BACKGROUND
Highly detailed and invasive clinical investigations are needed to stratify haematuria patients with no disease, benign disease, and malignant disease. Due to the heterogeneity in the patient population and wide range of potential causes of haematuria, possibility to indicate patient-specific biomarkers could improve and speed up diagnostic process, which is crucial for patients with suspected cancer.
OBJECTIVE
We developed a new algorithm to identify risk of bladder cancer in haematuria patients by analyzing multiple urine and serum biomarkers and identifying the most significant using complex network theory.
METHODS
We analyzed data collected in the HABIO case – control study of haematuria patients, containing 675 participants (190 females, 485 males) aged between 40 and 80 years. In the study, we used the initial analysis pipeline of our Self-Supervised Semantic Learning (3SL) framework grounded on the complex network theory to stratify participants into two groups: healthy (with no clear cause of haematuria) or sick (with bladder cancer, infection etc.). We compared our model sensitivity and specificity with logistic regression and binary decision tree outcomes. To assess model performance, we used balanced accuracy to account for imbalance between the number of healthy and sick participants in the dataset. Additionally, to assess how linearly separable the biomarkers were, we applied k-means clustering.
RESULTS
Our modelling outperformed logistic regression and binary decision trees obtaining balance accuracies of 0.693 (females) and 0.715 (males) vs 0.621 (females) and 0.533 (males) for logistic regression and 0.570 (females) and 0.597 (males) for binary trees.
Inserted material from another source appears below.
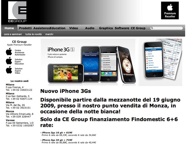 L’occasione è ghiotta per tutti gli appassionati della Mela che vivono o abitano vicino a Monza e che desiderano provare in anteprima o acquistare il nuovo smartphone della Mela. Oltre allo smartphone più atteso degli ultimi mesi presso CE Group di Monza, in via Vittorio Emanuele 8, telefono 039.328.447, è possibile trovare tutte le novità che riguardano iPhone 3GS, incluse nuove custodie e accessori. Per chi fosse interessato all’acquisto ricordiamo che è anche possibile il pagamento con finanziamento Findomestic di 12 rate: per iPhone 3GS da 16GB 6 rate da 69,33 euro e 6 rate da 34,66 euro oppure per iPhone 3GS da 32GB 6 rate da 80,88 euro e 6 rate da 40,44 euro. Per tutte le informazioni rimandiamo al sito Web di CE Group.

K-means clustering showed that the distribution of the biomarkers did not match clear macro-patterns. For the sick population (both genders) the most significant biomarkers were previously associated with infectious diseases and inflammation (thrombomodulin, sTNFRII and osmolarity) or bladder cancer (IL-8, TGF-β). Additionally, CXCL16, midkine, clusterin, CEA, 8-OHdG were previously described in the literature as a potential biomarker for urinary tract cancers.
CONCLUSIONS
In the study we applied a new algorithm to improve diagnosis of haematuria in study participants. The algorithm performs better than currently widely applied methods (logistic regression, binary trees, k-means clustering). Additionally, applying 3SL algorithm we identified biomarkers most relevant for the specific group of patients and dependencies between those biomarkers. We hope that our results can guide further research and provide new personalised diagnostic tools directly tailored to individual patients' needs.
CLINICALTRIAL
Ethical approval was obtained from the Office of Research Ethics Committee Northern Ireland (11/NI/0164).